Injuries and academics also caused Reggie Banks, another expected starting contender at end, to miss a few practices and cost him against the young and hungry freshmen.

"The reason you see Marcus Harrison and Jamaal Anderson where they are is because they're talented and came in here and got a couple breaks with injuries," Nutt said. "They came in, they're running fast, chasing the ball, they don't know what to do every time. But they're going full speed and making plays. You have to give them a chance."

Nutt said the job of the coaching staff Tuesday was to make sure those players who didn't crack the two- or three-deep chart didn't lose heart.

"I don't like depth charts sometimes because it sometimes deflates ... you're moving somebody up and taking somebody else down," Nutt said. "Our job today for the first time is to tell the guys that see their name third or fourth don't give up. You keep going. You're a play away or two plays away."

MORE DEPTH CHART
Cedric Washington was the starter at kick returner last season, averaging 19.9 yards per return to rank seventh in the SEC.

Now in a primary role at wide receiver, coaches have relieved him of his return duties for the time being.

Washington also had a shoulder injury midway through August that held him out of some drills.

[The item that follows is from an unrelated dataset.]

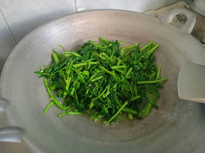 对了!早上未买空心菜前,太太有告诉我,吃两餐至少要买800克,我买了两绑,共 1.2 kg,午餐我只用了一绑比较多的来炒,太太说好像不够吃,我赶紧说:不怕,还有一绑没炒。

"He didn't get a lot of work at kickoff return during the middle of two-a-days," Nutt said. "So we decided to go another route. We feel like we can always move Cedric back there and he'll get the job done for us. But we feel like we have some good options back there with Dedrick Poole, Peyton Hillis, DeCori Birmingham, Michael Grant. We have some names we can put back there."

Nutt also said Tuesday that redshirt freshman cornerback Chris Houston and Poole will be the starters at gunner on the punt coverage team.

ROBINSON RETURNS
Junior outside linebacker Michael Robinson missed the last couple practices with a groin injury but was back at practice Tuesday.

Robinson was listed as the backup to Marcus Whitmore on the depth chart and Nutt was glad to have him back.

"It's a hard injury to heal, but he was back today, thank goodness," Nutt said.